This document describes a best-effort approach for preserving and analyzing compromized Linux installations. Because there are many different Linux userlands (aka distributions), some commands may require a different syntax or different commands (most notably when package management is involved) to achive the same goal.
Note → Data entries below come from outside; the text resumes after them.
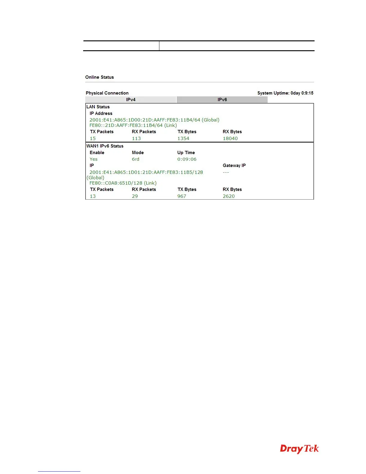Below shows an example for successful IPv6 connection based on 6rd mode.
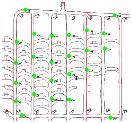 Layout positions of monitoring points. (green dots, numbered 1#, 2#, etc.).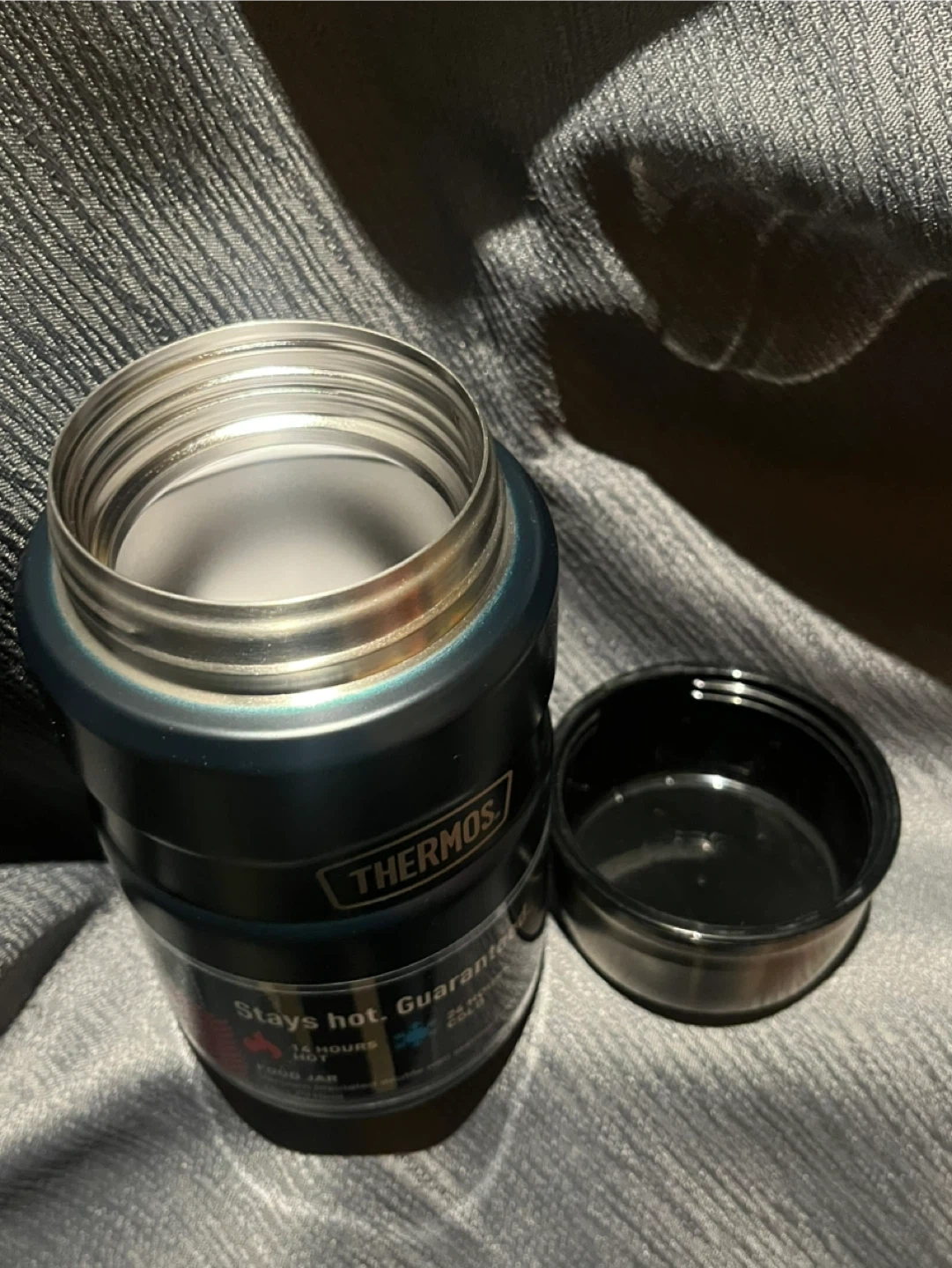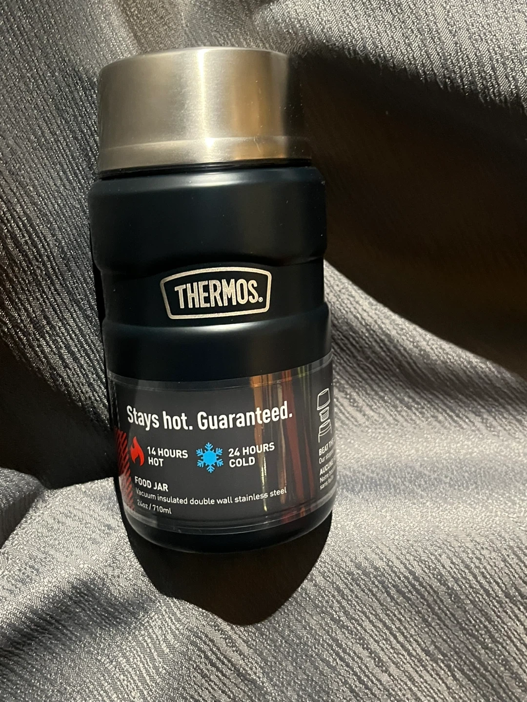 Thermos vacuum-insulated food jar keeps food hot for 14 hours or cold for 24 hours. Double-wall stainless steel construction. 24oz (810ml) capacity. It's perfect for taking hot meals to work or cold snacks on an adventure!

To follow the instructions in this document, at least a basic understanding of the procedures presented here is necessary.
Forensic analysis consists of (at least) these phases:
* Identify the system. * Gather data. * Analyzie the data.
Identify compromized systems
TODO: (logs, monitoring, netflows, suspicious or erratic behaviour, external notification, etc...)
Gather data
The data aquisition process is twofold: first, gather information from the running (live) system. After that, analyze the »cold« system.
If the system runs as a virtual machine, freeze/pause it and create dumps/images from the filesysems/blockdevices and the memory.
Try not to write to the local filesystem. Put all gathered data onto external drives, network shares or into a ramdisk.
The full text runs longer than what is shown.